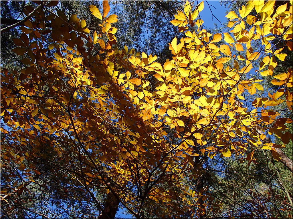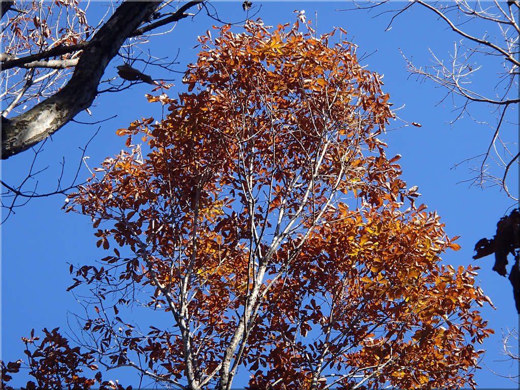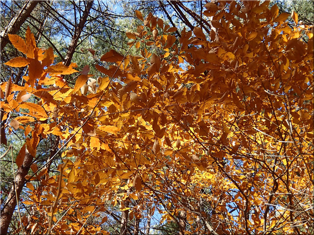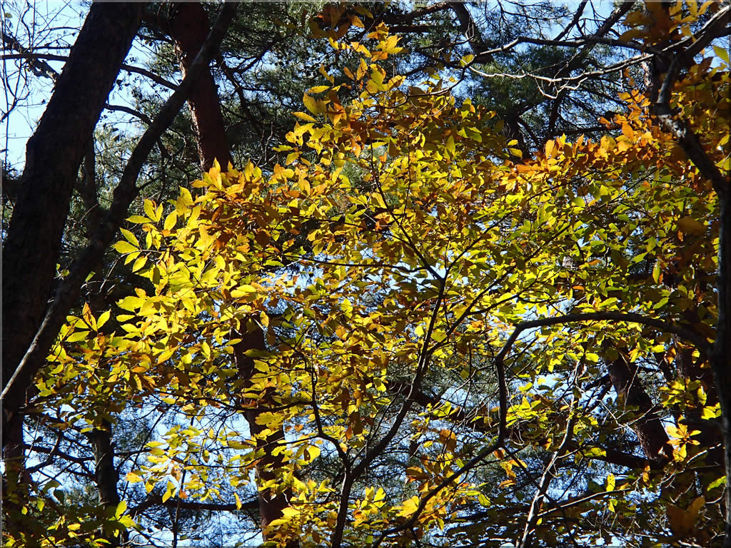広葉樹の黄葉は麓でももう終盤でしたが、でもまだ日射しが当たると明るく輝く黄葉がちらほらあり、そのたびに思わず足を止めてぱちり。
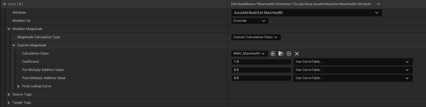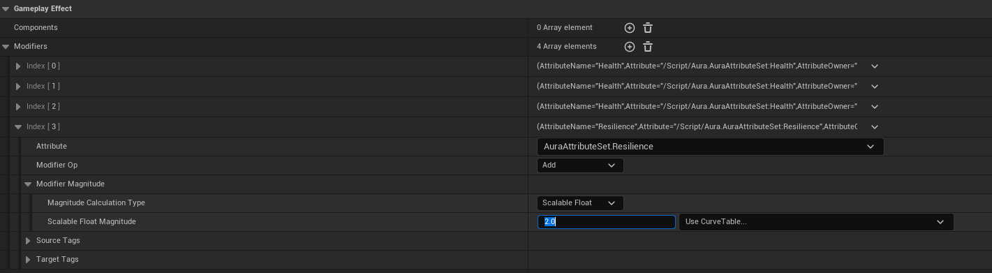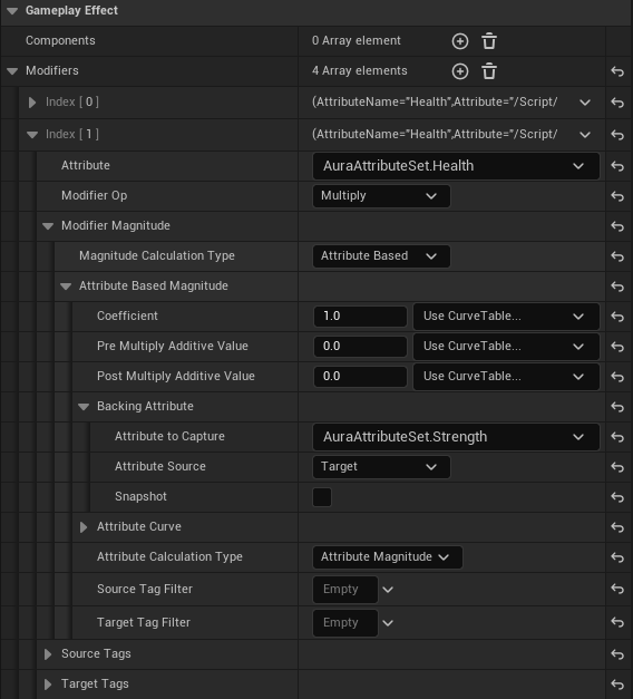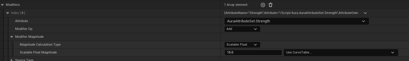 Modifiers 를 하나 더 추가하고, 이번에는 AuraAttributeSet.Strength 의 값을 더하도록 설정한다.
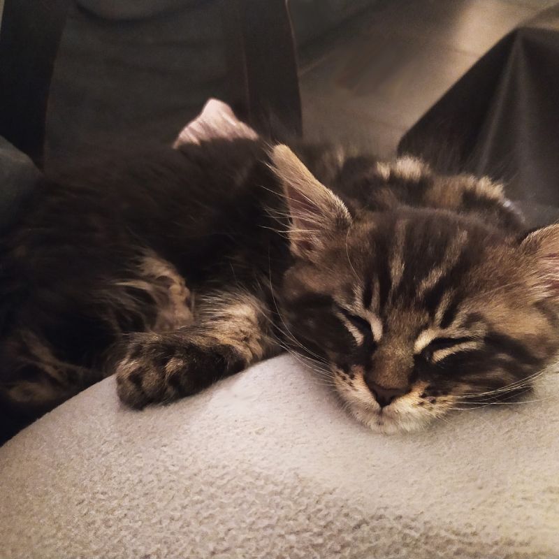 Le passe temps préféré de Trafalgar est de jouer avec tous les chatons de la maison. Il n’hésite pas à réveiller et embêter ses frères et sa sœur qui se reposent pour démarrer une partie de jeu. Mais c’est aussi un grand tendre.
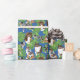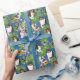 Ilustrações bonitas e realistas de cães pastores australianos ou Aussies e folhas tropicais brilhantes e verdes de monstera são colocadas sobre um fundo azul real neste plástico de presente, qualquer ocasião com formato padronizado.
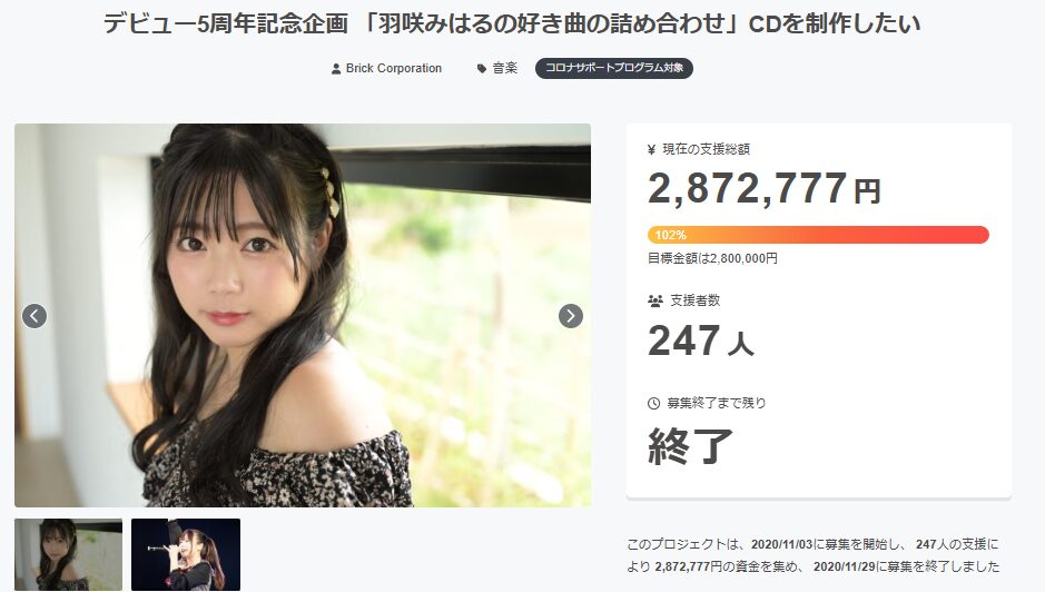 参照:羽咲みはるオリジナル楽曲制作プロジェクト(CAMPFIRE)
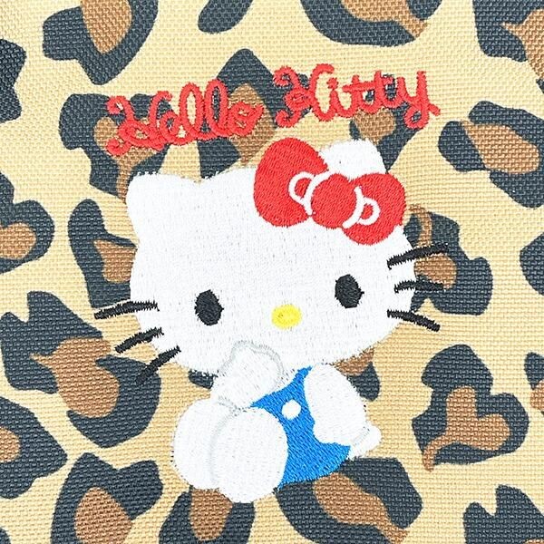 ショルダーバック全体が存在感抜群のレオパード柄です。ちょっと癖の強さが出てしまうレオパード柄にキティの刺繍デザインによって柔らかさがでてバランスがとれたデザインです。ショルダーの紐はよく見てみると「HELLO KITTY」とデザインされこのロゴテープのようんな見た目がおしゃれです。
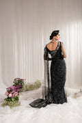 A midnight black net saree with sequins, cut dana and beads work on it paired with black sequins embellished blouse. Â
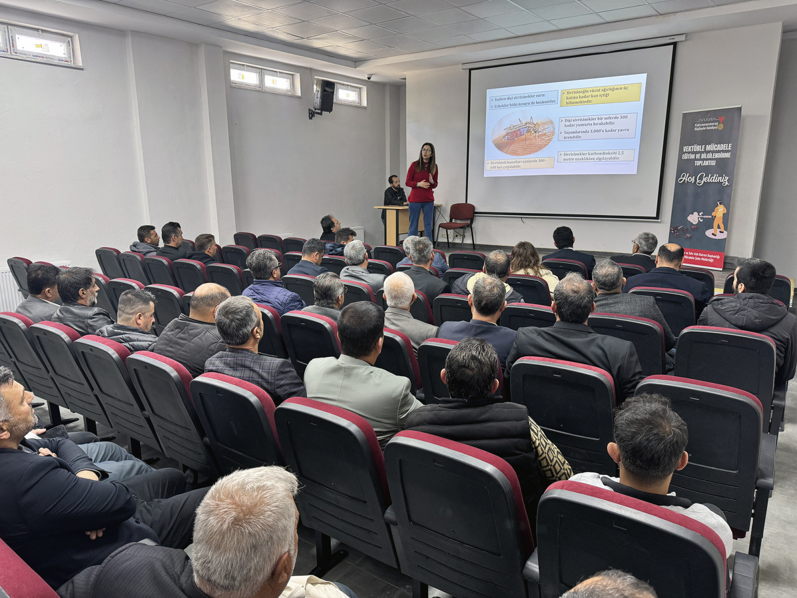 Etkinlikte, Kahramanmaraş Sütçü İmam Üniversitesi Fen Fakültesi Biyoloji Bölümü Öğretim Üyesi Dr. Özlem Güven, vektörlerin biyolojisi ve mücadelede etkili yöntemler üzerine detaylı bir sunum yaptı. Güven, özellikle sivrisinek, karasinek ve kemirgen gibi halk sağlığı açısından tehdit oluşturan canlıların yaşam döngüsü, çoğalma koşulları ve mücadele stratejileri hakkında bilimsel veriler paylaştı. Ziraat Yüksek Mühendisi Zekeriya Yurdabakan ise Büyükşehir Belediyesinin sahada yürüttüğü vektörle mücadele çalışmaları hakkında bilgi verdi. Yurdabakan, yılın 12 ayı aralıksız süren çalışmalar kapsamında uygulanan ilaçlama yöntemleri, çevre dostu teknikler ve yeni projeler hakkında katılımcılara kapsamlı bilgiler sundu.
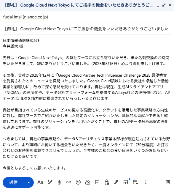 2. 相手の会社の最新情報のうち、フォローアップに活かせる要素を自然に引用する。
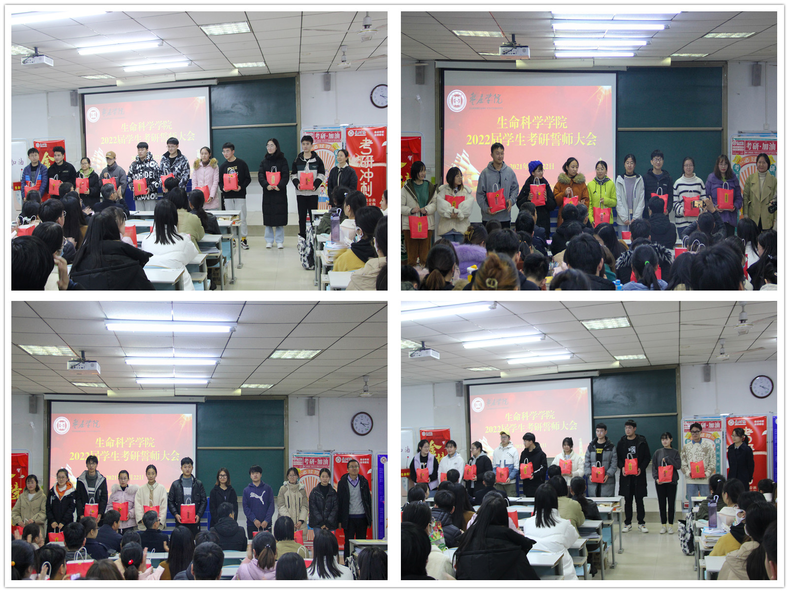 大会上,播放了来自在校生学弟学妹以及往届考研成功学长们的加油视频,李志军同学代表在校生送上对考研学子最真挚的祝福,崔荣慰同学代表全体考研学子感恩学校的培养与关怀,前院学生会主席杨深琳同学带领全体考研学子进行了慷慨激昂的宣誓,表示一定不辜负家长期盼,恩师厚望,勇往直前,决胜考场。

__Task item__
What you write must match, line for line, the records from the line containing "Modifiers 를 하나" through the last line, with every picture left out.

__Task answer__
 Modifiers 를 하나 더 추가하고, 이번에는 AuraAttributeSet.Strength 의 값을 더하도록 설정한다.
 Le passe temps préféré de Trafalgar est de jouer avec tous les chatons de la maison. Il n’hésite pas à réveiller et embêter ses frères et sa sœur qui se reposent pour démarrer une partie de jeu. Mais c’est aussi un grand tendre.
 Ilustrações bonitas e realistas de cães pastores australianos ou Aussies e folhas tropicais brilhantes e verdes de monstera são colocadas sobre um fundo azul real neste plástico de presente, qualquer ocasião com formato padronizado.
 参照:羽咲みはるオリジナル楽曲制作プロジェクト(CAMPFIRE)
 ショルダーバック全体が存在感抜群のレオパード柄です。ちょっと癖の強さが出てしまうレオパード柄にキティの刺繍デザインによって柔らかさがでてバランスがとれたデザインです。ショルダーの紐はよく見てみると「HELLO KITTY」とデザインされこのロゴテープのようんな見た目がおしゃれです。
 A midnight black net saree with sequins, cut dana and beads work on it paired with black sequins embellished blouse. Â
 Etkinlikte, Kahramanmaraş Sütçü İmam Üniversitesi Fen Fakültesi Biyoloji Bölümü Öğretim Üyesi Dr. Özlem Güven, vektörlerin biyolojisi ve mücadelede etkili yöntemler üzerine detaylı bir sunum yaptı. Güven, özellikle sivrisinek, karasinek ve kemirgen gibi halk sağlığı açısından tehdit oluşturan canlıların yaşam döngüsü, çoğalma koşulları ve mücadele stratejileri hakkında bilimsel veriler paylaştı. Ziraat Yüksek Mühendisi Zekeriya Yurdabakan ise Büyükşehir Belediyesinin sahada yürüttüğü vektörle mücadele çalışmaları hakkında bilgi verdi. Yurdabakan, yılın 12 ayı aralıksız süren çalışmalar kapsamında uygulanan ilaçlama yöntemleri, çevre dostu teknikler ve yeni projeler hakkında katılımcılara kapsamlı bilgiler sundu.
 2. 相手の会社の最新情報のうち、フォローアップに活かせる要素を自然に引用する。
 大会上,播放了来自在校生学弟学妹以及往届考研成功学长们的加油视频,李志军同学代表在校生送上对考研学子最真挚的祝福,崔荣慰同学代表全体考研学子感恩学校的培养与关怀,前院学生会主席杨深琳同学带领全体考研学子进行了慷慨激昂的宣誓,表示一定不辜负家长期盼,恩师厚望,勇往直前,决胜考场。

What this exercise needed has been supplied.